A federal judge appeared inclined Tuesday to toss out a lawsuit against President Donald Trump by porn actress Stormy Daniels that sought to tear up a hush-money settlement about their alleged affair.

Trump and his former personal lawyer asked a judge to dismiss the lawsuit after agreeing to rescind a nondisclosure agreement that included a $130,000 payment to Daniels.

Judge S. James Otero did not rule in U.S. District Court, but he seemed to agree with lawyers for the president and Michael Cohen that there were no longer grounds for a lawsuit.
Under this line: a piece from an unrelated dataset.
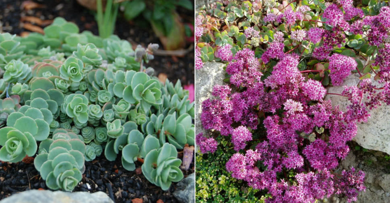 Die rundlichen Blätter der Mongolei sind im Spätsommer vollständig mit blassrosa halbkreisförmigen Blüten bedeckt. Eine schöne Pflanze für Beeteinfassungen. Diese Art ist nicht immergrün, aber sie zieht sich für den Winter zurück, so dass die neuen blaugrauen Blätter im Frühjahr sehr frisch aussehen.
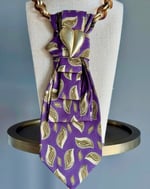 This UpTie is a bold fusion of vintage soul and modern edge. Featuring a rich plum base patterned with golden paisley leaves, the tie’s earthy tones and mid-century motif give it a warm, retro vibe. The folded construction adds depth and refinement, while the oversized gold puffed heart centerpiece steals the spotlight with fierce femininity. It’s finished with a chunky tortoiseshell and gold chain that adds an extra punch of power and polish.

"It seems you've achieved ... what you sought to achieve," Otero said to Daniels' attorney.

If Otero does throw out the case, it would give both sides a chance to claim victory.

The case would allow Daniels to speak without threat of legal consequences, but it would also prevent further litigation she has sought to force the president and Cohen to give sworn testimony.

Daniels, whose real name is Stephanie Clifford, brought the lawsuit to free herself from the agreement that silenced her as the 2016 presidential campaign reached its conclusion.

Cohen had arranged the payment and later pleaded guilty to campaign violations after admitting the deal was struck to help Trump prevail in the presidential contest.

Trump has denied the alleged 2006 affair.

Daniels had claimed the agreement was not valid because Trump's signature was not on it and the president's lawyer has said he was never party to the settlement.

Despite appearing to get what Daniels originally sought — dismissal of the agreement she disregarded long ago in speaking to news media and writing a book — her lawyer fought hard to keep the case alive.

Attorney Michael Avenatti, who once toyed with making a presidential run to take on Trump, wanted the case to continue so he could force Trump and Cohen to give depositions.

But the judge wasn't buying Avenatti's legal reasoning for keeping litigation going when there was no longer an issue in dispute.

Otero repeatedly asked Avenatti to cite case law to support his arguments. But after he named several cases, Otero told him he was "mixing apples and oranges."

"I think we see the issues very differently," the judge said.